Jugendamt-Mitarbeiter schreiben an Fraktionen
Nicht aktiv genug für Kindeswohl?
Jugendamt-Mitarbeiter schreiben an Fraktionen / Die Prävention fehlt
Vom 21.10.2008
rs. Die Verdi-Vertrauensleute aus der Abteilung Allgemeiner Sozialer Dienst des städtischen Jugendamtes schlagen Alarm: Sie haben sich jetzt mit einem Brief an die Fraktionen des Stadtparlaments gewandt, weil sie ihre Arbeit im sensiblen Bereich der Kinder- und Familienbetreuung nicht mehr ausreichend gewährleistet sehen. Rechtzeitig zu den Haushaltsberatungen fordern die Gewerkschafter "mindestens eine neue Vollzeitstelle" für eine pädagogische Fachkraft, außerdem die Entlastung von bürokratischen Aufgaben.

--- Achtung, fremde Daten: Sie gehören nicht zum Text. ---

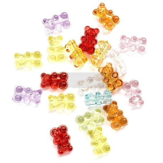 Koraliki z akrylu w formie słodkich misiów w transparentnych, delikatnych kolorach to piękny dodatek do dziecięcej biżuterii i innych prac kreatywnych.
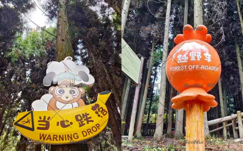 在警示標(biāo)識(shí)以及游樂(lè)項(xiàng)目名稱(chēng)標(biāo)識(shí)上,笨鳥(niǎo)文旅也獨(dú)具創(chuàng)意,既貼合環(huán)境,又進(jìn)行了童趣的表達(dá),符合兒童的期待,也幫助兒童提高游憩體驗(yàn)。
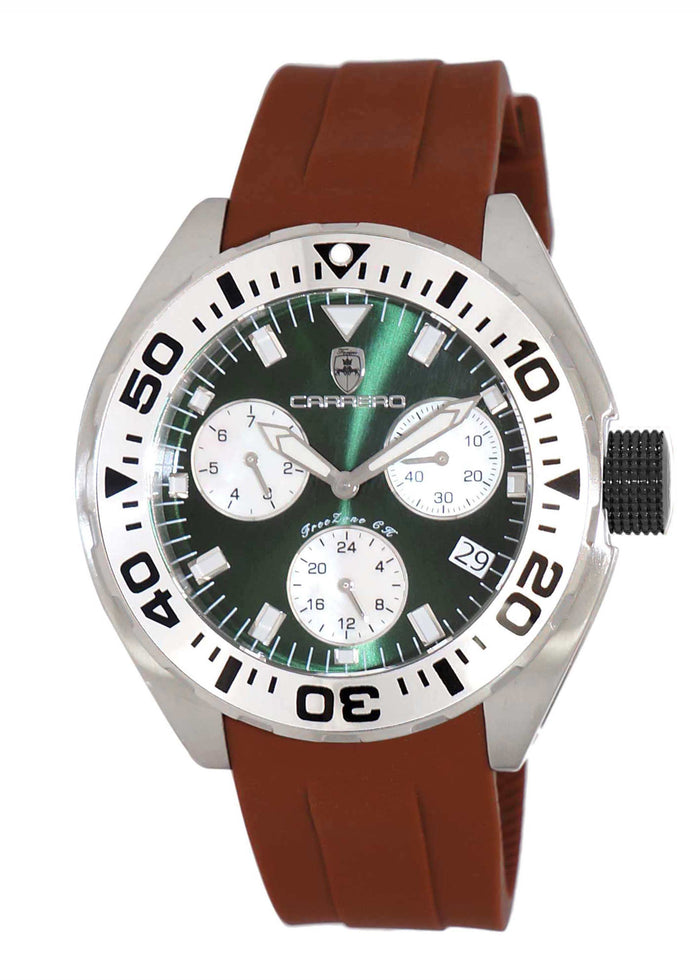 TORINO CARRERO FreeZone-CH, Men's Swiss Multi-Functiom Ronda X30 Movement, Green Dial - Silver Bezel-IP-Black Crown, Brown Silicon Band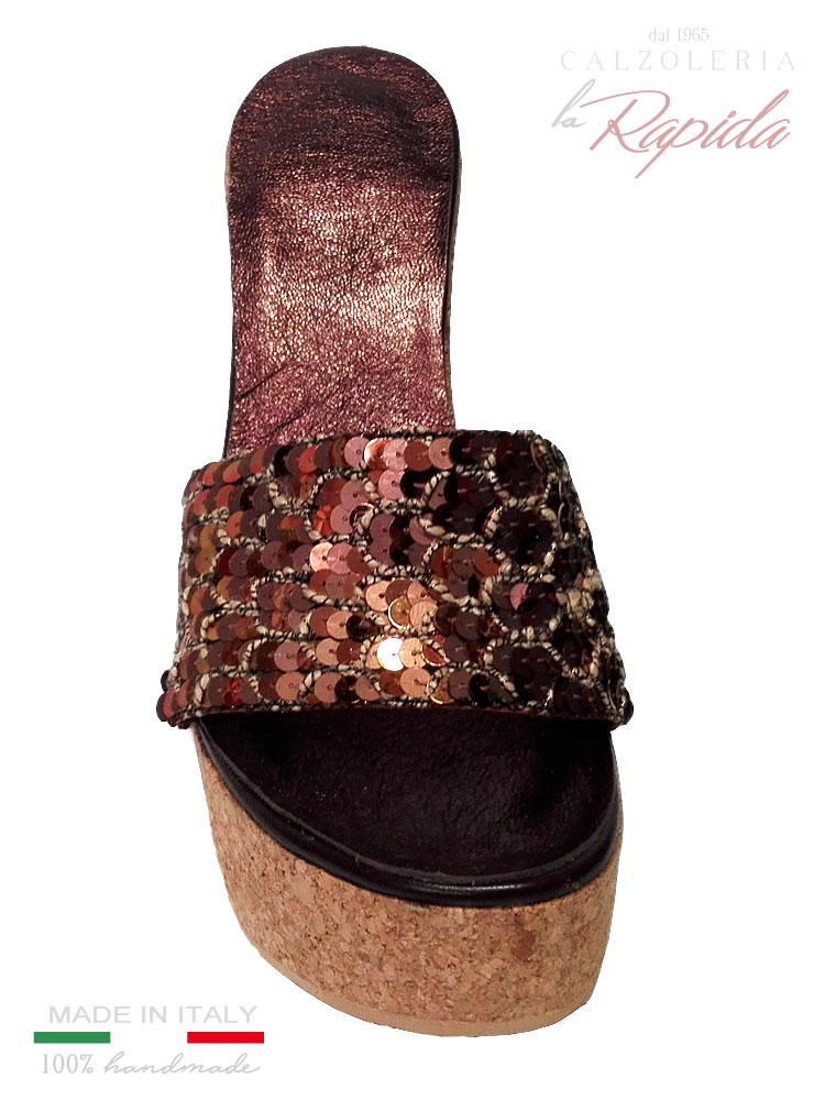 Materiale: Zeppa donna alta in completo fondo in sughero (no rivestimento), con fascia in pelle con fascia decorata bronzo e oro e rivestimento della pianta del piede in pelle.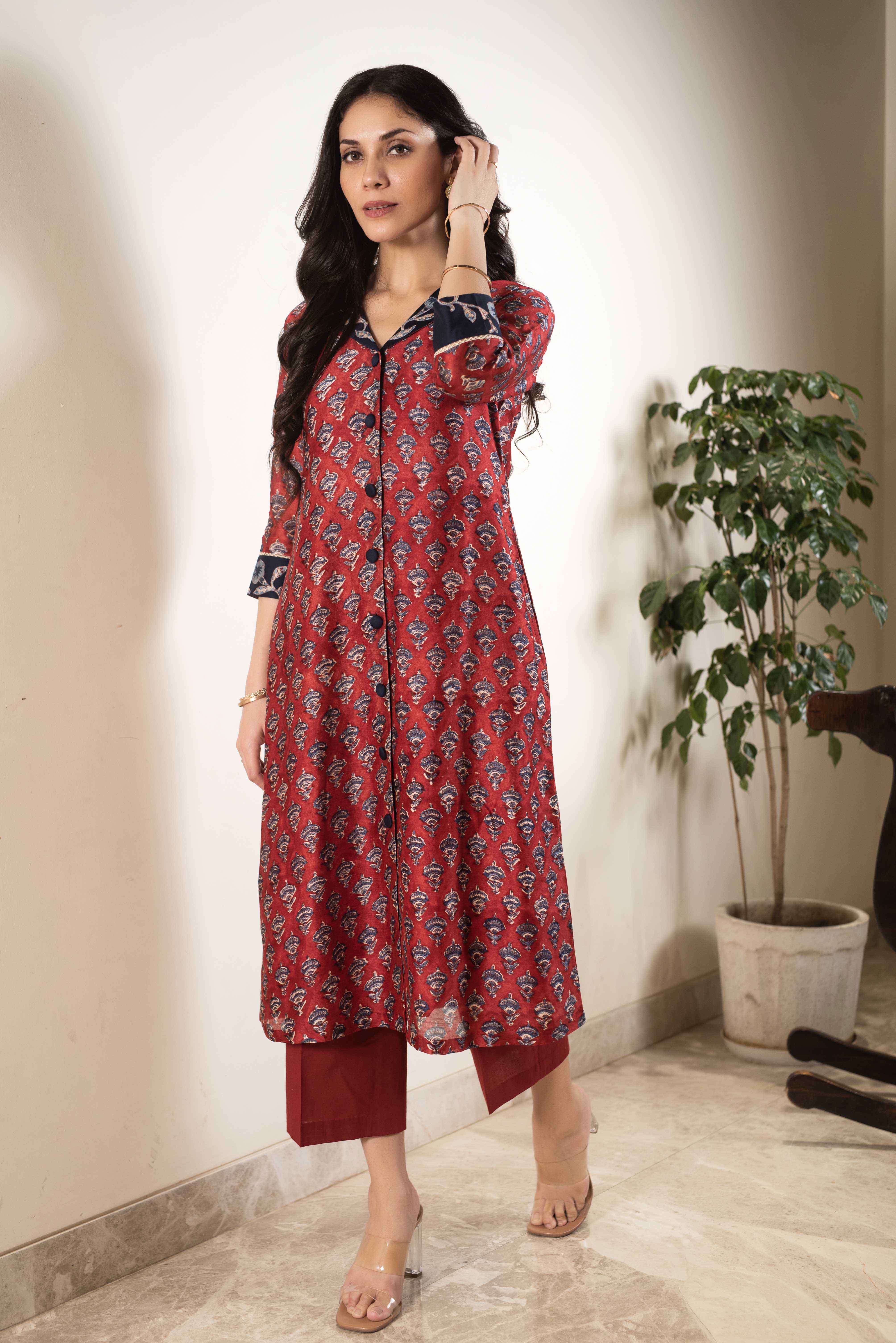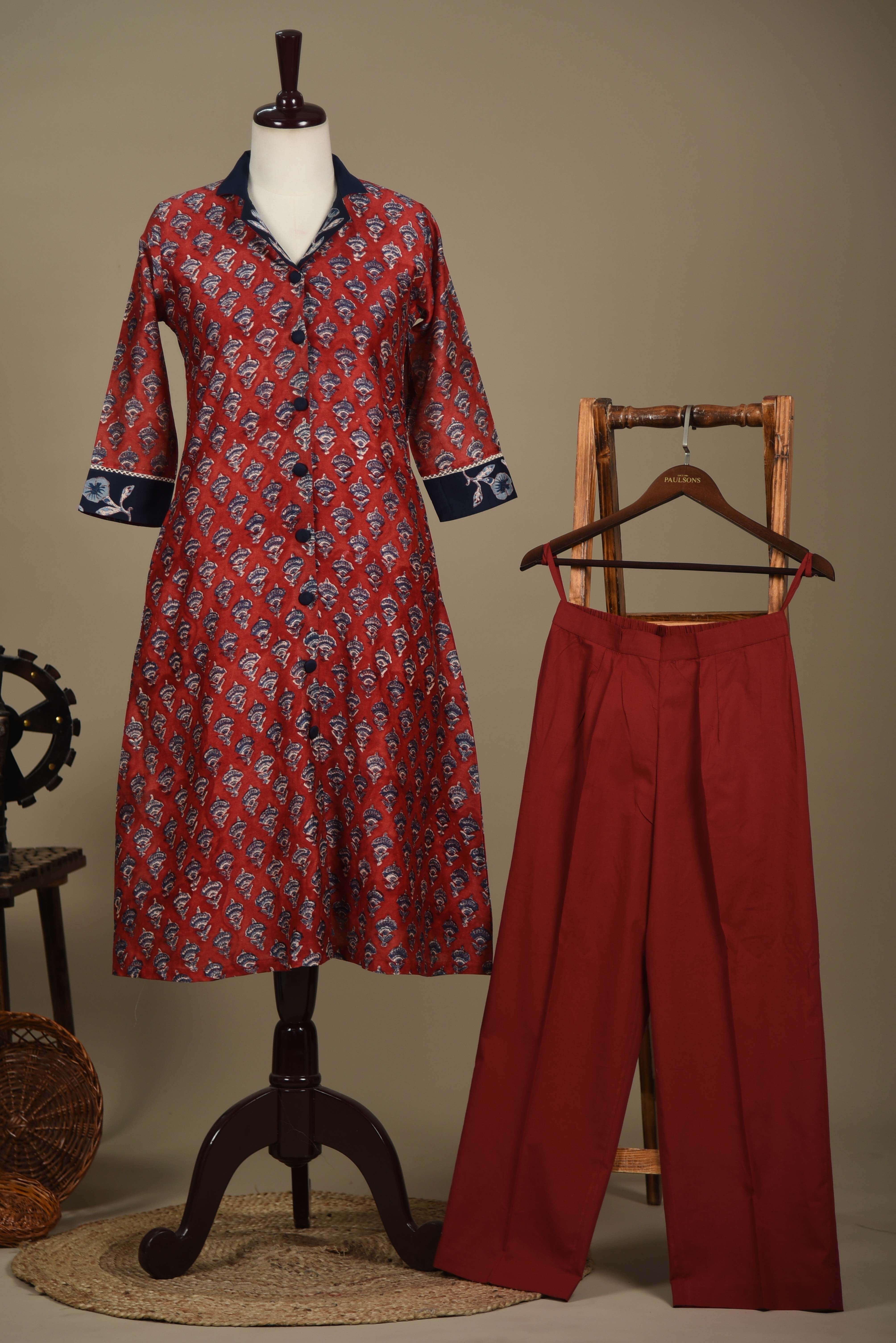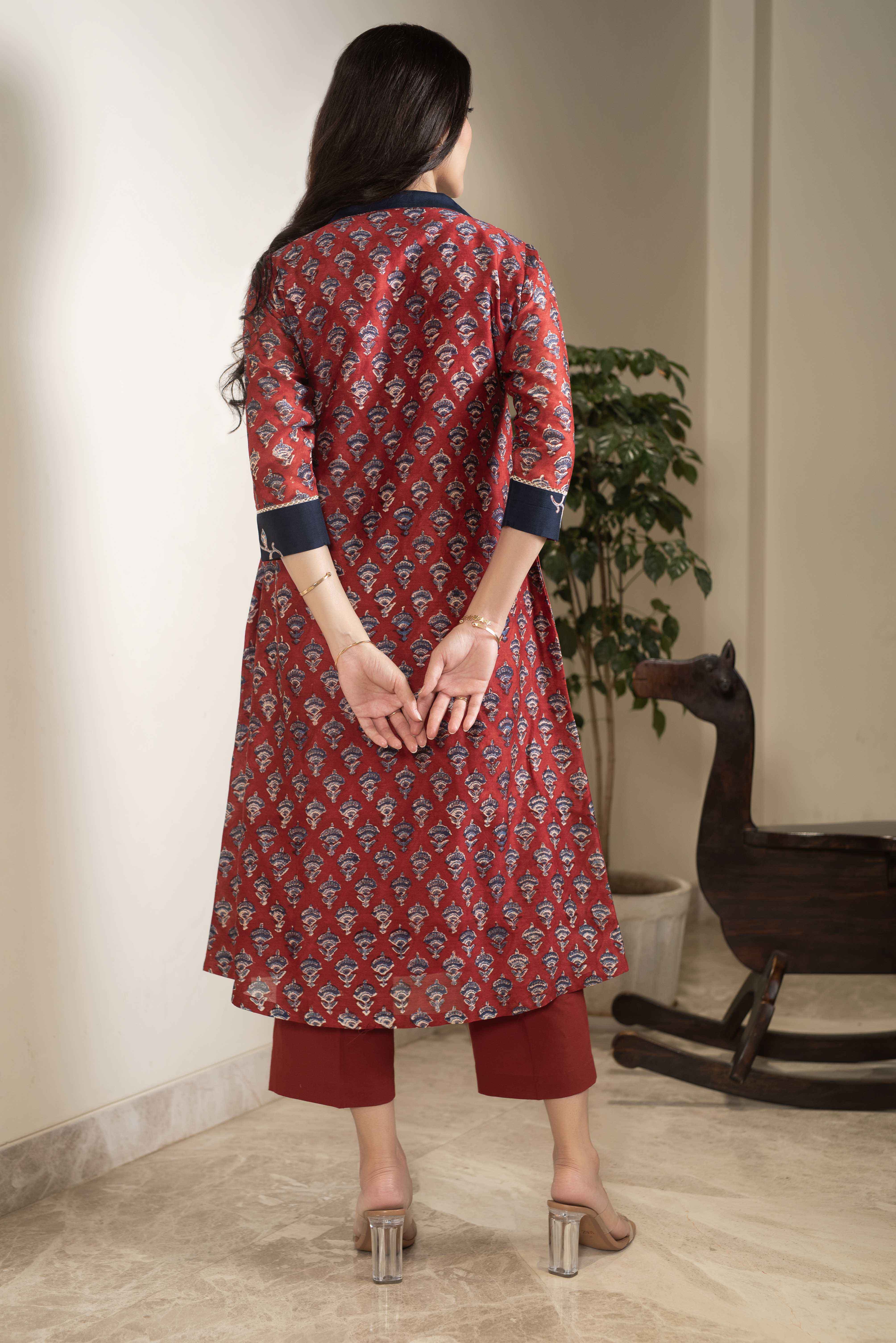 - Maroon with Blue Chanderi A-Line Hand Block Printed Kurta Set with Embroidery & Culottes – Regular Fit Step into timeless elegance with this Maroon with Blue Chanderi A-Line Kurta Set, beautifully adorned with hand block prints and intricate embroidery that bring tradition to life with a modern twist.

Durch schlimme Fälle von Verwahrlosung und sogar Kindstötung in ganz Deutschland aufgerüttelt, seien in letzter Zeit neue Gesetze erlassen worden, wie die zusätzliche Vorsorgeuntersuchung mit Meldepflichten, die man für gut heiße, die aber die Arbeit erheblich ansteigen lasse. Außerdem zeige die von Kanzlerin Merkel geforderte "Kultur des Hinsehens" Wirkung. Man habe es mit erheblich mehr Fallzahlen zu tun: Die Bürger rufen öfter an. Von 2002 bis 2005 sei in Rüsselsheim eine Verdopplung der bearbeiteten Fälle festzustellen, machten die gewerkschaftlich organisierten Sozialarbeiter und -pädagogen Rita Hilscher, Vincenz Helmerich und Berthold Stadion gestern im Personalratsbüro vor der Presse deutlich. An der Zahl von neun Stellen, die von zehn Leuten besetzt sind, habe sich aber seit 1980 nichts geändert, trotz erheblicher Zunahme der Aufgaben. Vielmehr habe es sogar Stundenreduzierungen gegeben, die nicht ersetzt worden seien, und Hilfe bei Schreibarbeiten, die zunehmen, sei ebenso weggefallen wie die Bereitstellung eines Dienstwagens.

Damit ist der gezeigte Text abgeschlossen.